Казалось бы, громадность расстояния между тропиками и Кронштадтом способна отрезвить самое пылкое воображение. Казалось бы, кое-что значило и то обстоятельство, что в Порто-Гранде — последней стоянке клипера — не было нетерпеливо ожидаемого письма за № 20 в ответ на его обширное послание за № 52 (это в два-то месяца) в прозе, а частью и в стихах, обращенных однако не к «Нине», а к какой-то королеве неизвестного государства — Стелле, единственным и действительно настоящим верноподданным которой был обезумевший мичман. Наконец и фотография «королевы», снятая перед уходом «Русалки» в плавание и хранившаяся в шифоньерке мичмана, была такая скверная и так мало похожа на «обворожительную», что не могла вызывать милого образа. Что же касается до прядки черных волос, свернутых колечком, и хранившейся под стеклом в медальоне, висевшем на часовой цепочке, то и эта «память» едва ли могла приводить в состояние невменяемости человека, понимающего разницу между стеклом и женскими губами.

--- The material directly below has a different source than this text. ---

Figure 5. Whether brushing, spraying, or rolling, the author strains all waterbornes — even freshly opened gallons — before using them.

А между тем «властительницею дум» и настроения мичмана теперь снова была та самая чаровница лет тридцати (а, быть может, и с хвостиком), которую мичман, влюбленный, как воробей, ревнивый, как старый муж молодой жены, и бешеный, как тетерев по весне, чуть ли не ежедневно в течение шестимесячного знакомства то возвеличивал, то низвергал. Он считал госпожу Ползикову то мадонной, на которую готов был молиться, то такой лживой, бездушной, легкомысленной и коварной женщиной, какой не существовало еще в подлунной, — хотя и были Лукреция Борджиа и Мессалина, — и которую следует убить и затем застрелиться самому, предварительно однако отравившись ее горячими поцелуями, чтобы провести последние минуты жизни счастливо.
И если Нина Васильевна и мичман до сих пор были живы, то единственно потому, что госпожа Ползикова в моменты такой кровожадности мичмана умела внезапно превращаться в мадонну.

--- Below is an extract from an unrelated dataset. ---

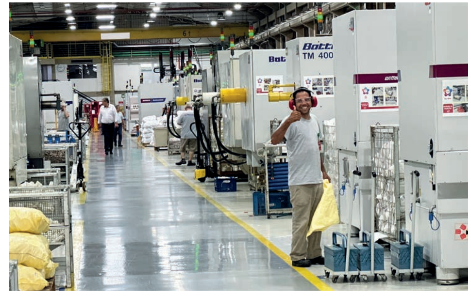
Large machines from WITTMANN dominate the scene at Krona's plant in Joinville. 75 WITTMANN machines are operating at this location alone.

Price pressure is high, and the product portfolio is extremely demanding. Fitting production requires elaborate molds with many core pulls. Accordingly, the molds take up a lot of space.

Так мичман и ушел в кругосветное плавание, не уяснив себе окончательно, мадонна ли Нина или коварная дама, но все-таки влюбленный до безумия в обе разновидности одного и того же лица.

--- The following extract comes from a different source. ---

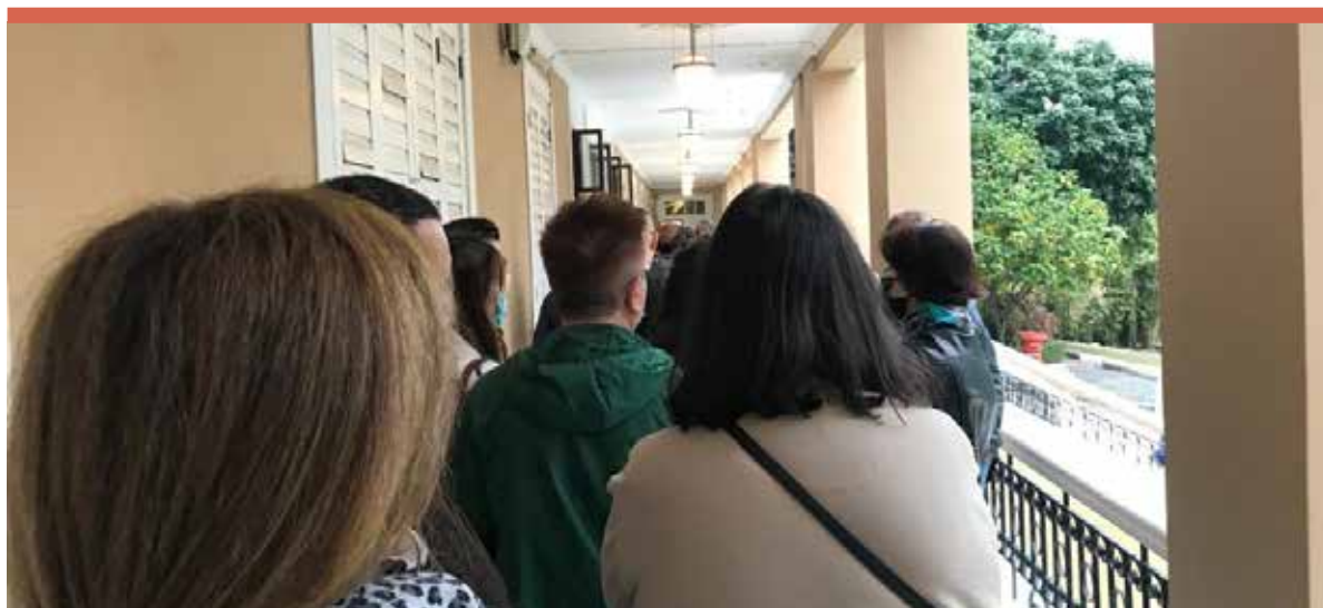
Long queues of voters yesterday at the Portuguese Consulate

tugal, the high number of people who showed up to vote might also be related to Covid-19 and the inability of most people to travel for almost one year.

Ночь так обаятельна, ночь так опьянительна, что мичман, сперва было великодушно пожелавший Нине всех благ и радостей без собственного в них участия, внезапно, при одной мысли, что Нину может целовать какой-нибудь другой мичман, меняет свое самоотверженное решение. Он озарен счастливой идеей о том, что высшее на земле счастье, по крайней мере для него, мичмана Лютикова, в гербе которого недаром же два лютика, соединенных в клюве аиста, олицетворявшего постоянство, не командовать клипером, не сделаться адмиралом, не искать славы, почестей и богатства, — все это ерунда, — а очутиться сейчас же, сию минуту, не дожидаясь смены с вахты, на каком-нибудь малообитаемом, а то и на необитаемом, но во всяком случае никому не известном острове. Разумеется, очутиться вместе с Ниной Васильевной, среди такого же чудного океана и в такую же волшебную ночь, чтобы взять ее обе маленькие, душистые руки с длинными, тонкими пальцами в свои, заглянуть поглубже в ее большие лучистые глаза и высказать ей все, решительно все, что не успел он высказать в течение шести месяцев, хотя и бывал у Нины чуть ли не ежедневно, болтая сперва как сорока, пока вдруг не смолк и только вздыхал, и наконец снова не заговорил счастливыми восторженными восклицаниями после безмолвных и долгих поцелуев.